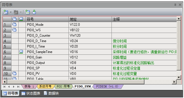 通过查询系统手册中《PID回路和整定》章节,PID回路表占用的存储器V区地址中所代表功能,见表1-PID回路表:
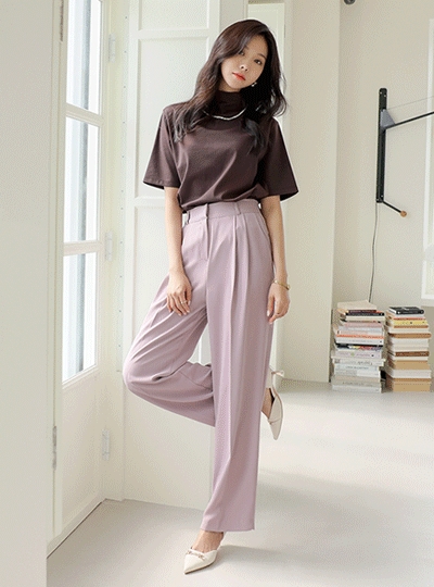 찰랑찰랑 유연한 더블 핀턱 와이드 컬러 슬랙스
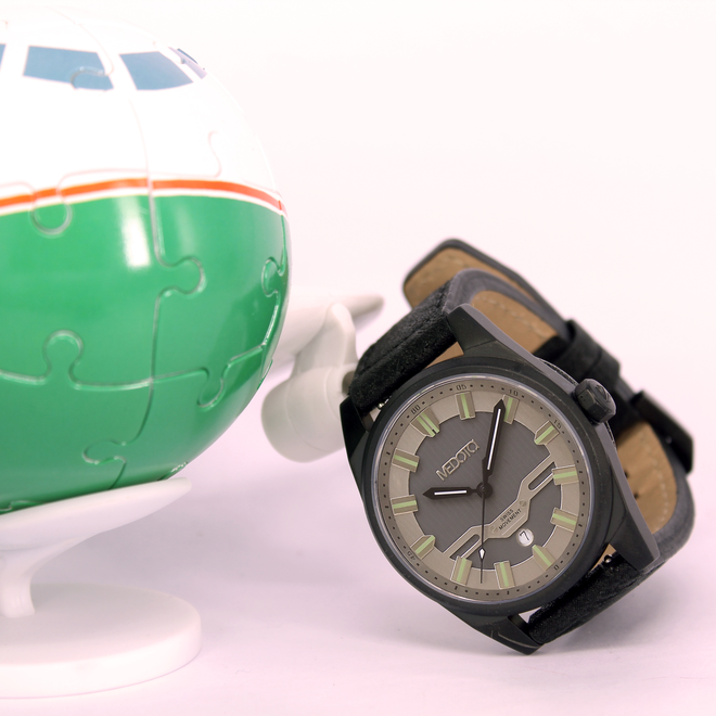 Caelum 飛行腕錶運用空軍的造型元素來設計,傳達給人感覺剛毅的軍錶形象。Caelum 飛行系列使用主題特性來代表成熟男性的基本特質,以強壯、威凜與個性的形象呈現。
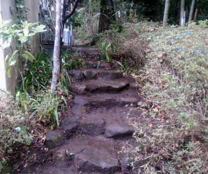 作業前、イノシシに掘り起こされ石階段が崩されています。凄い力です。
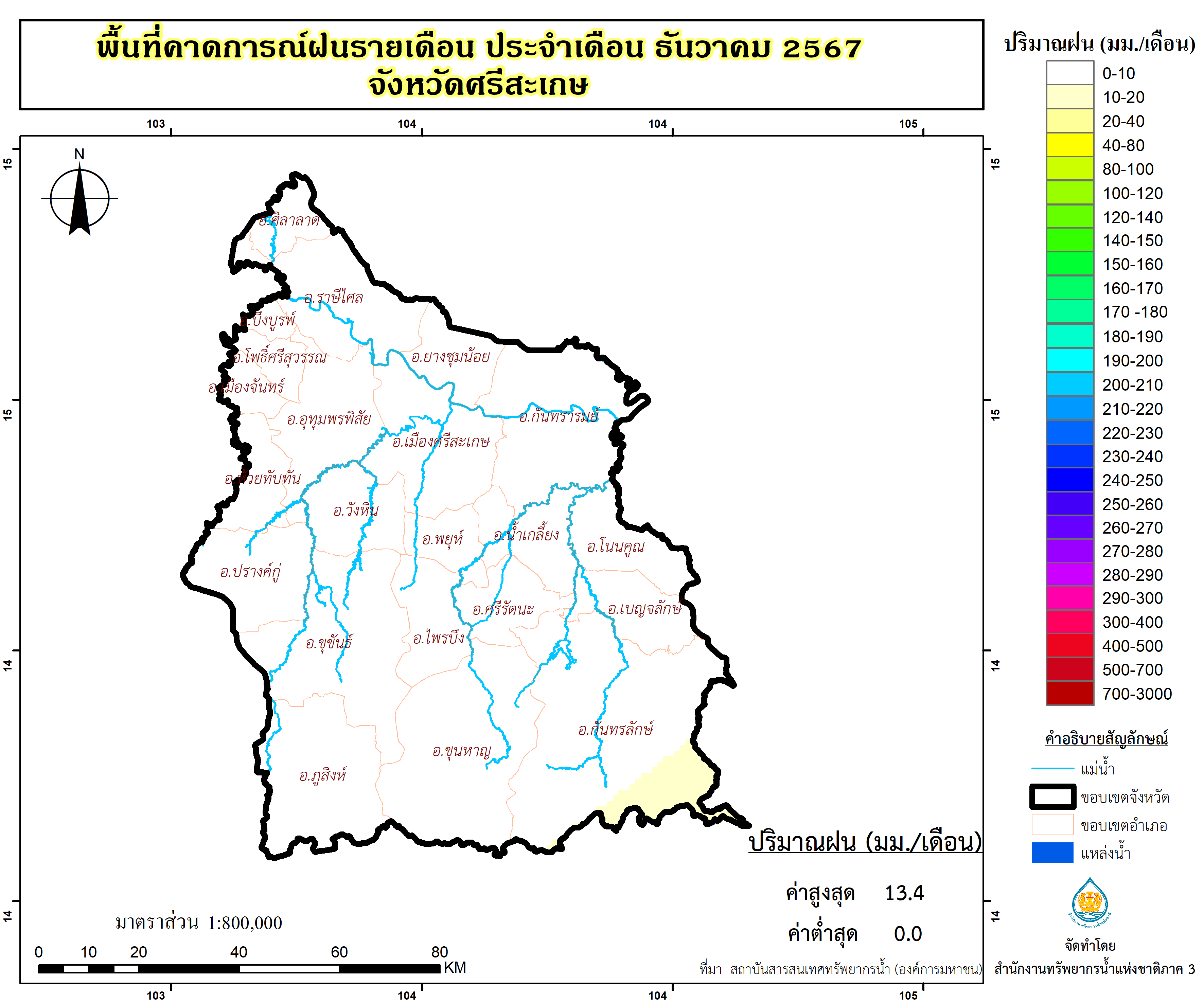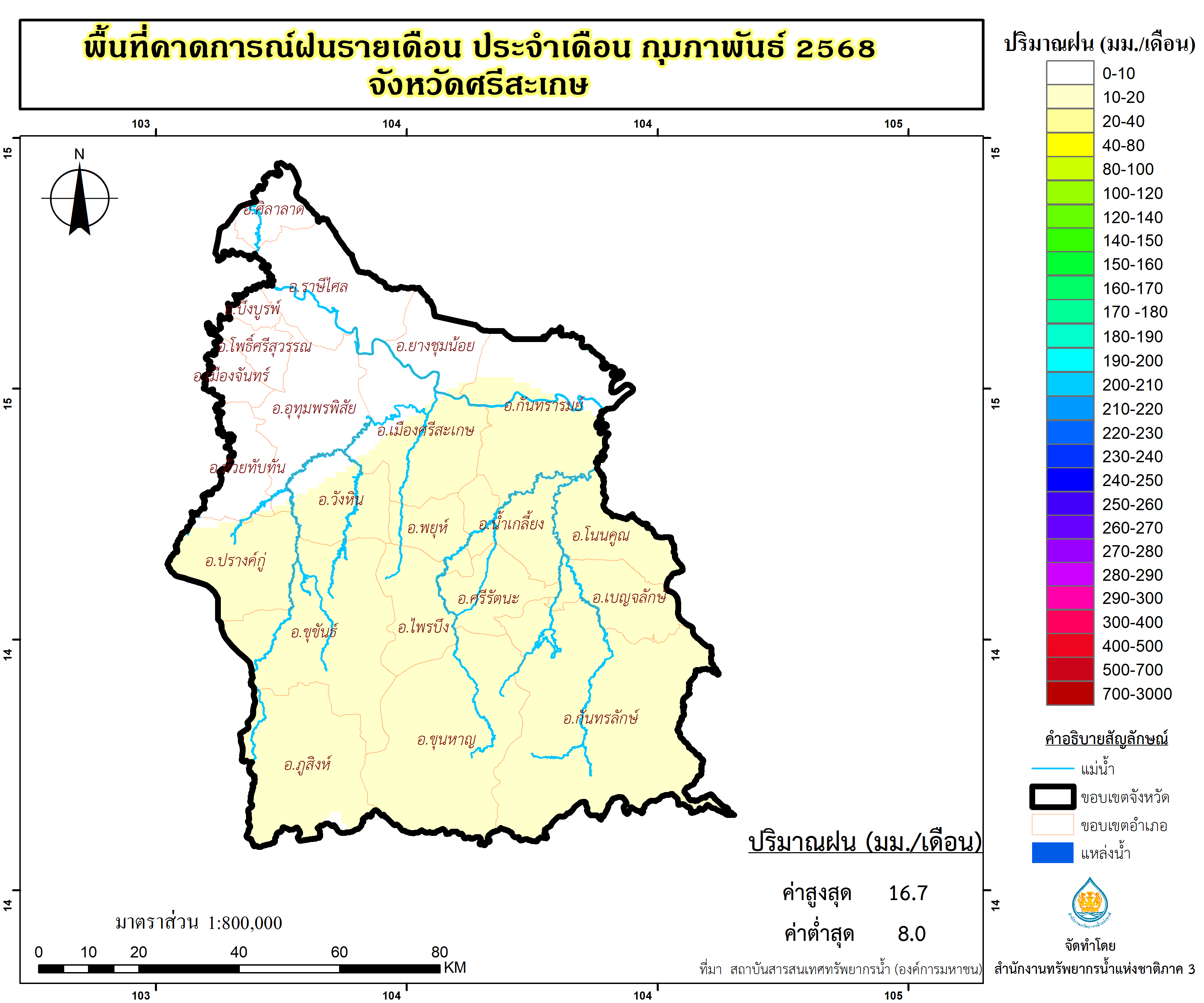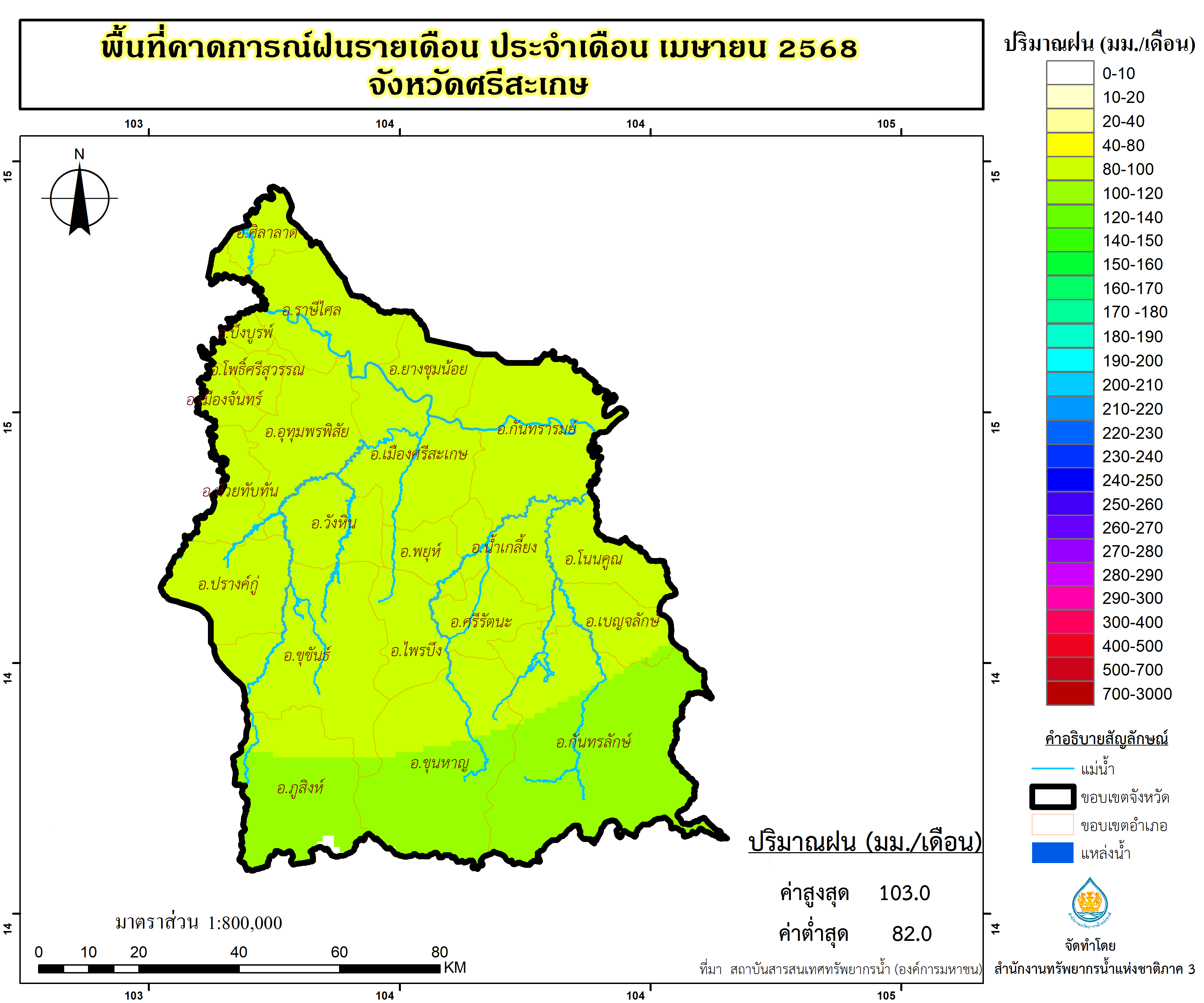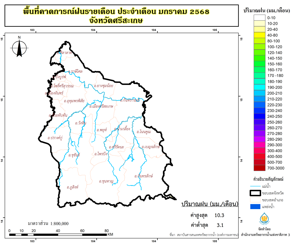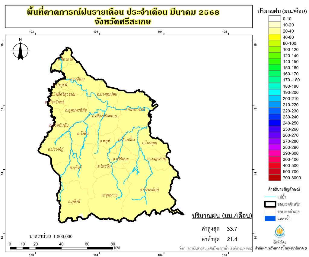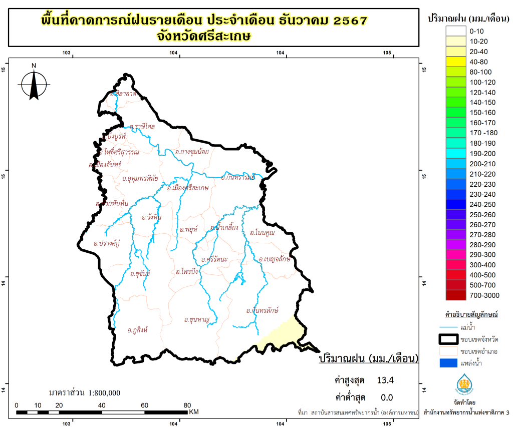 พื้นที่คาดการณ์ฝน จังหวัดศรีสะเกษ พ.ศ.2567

> **Task**: Everything in the listing above except the pictures should be duplicated exactly.

> **Result for this task**:
 通过查询系统手册中《PID回路和整定》章节,PID回路表占用的存储器V区地址中所代表功能,见表1-PID回路表:
 찰랑찰랑 유연한 더블 핀턱 와이드 컬러 슬랙스
 Caelum 飛行腕錶運用空軍的造型元素來設計,傳達給人感覺剛毅的軍錶形象。Caelum 飛行系列使用主題特性來代表成熟男性的基本特質,以強壯、威凜與個性的形象呈現。
 作業前、イノシシに掘り起こされ石階段が崩されています。凄い力です。
 พื้นที่คาดการณ์ฝน จังหวัดศรีสะเกษ พ.ศ.2567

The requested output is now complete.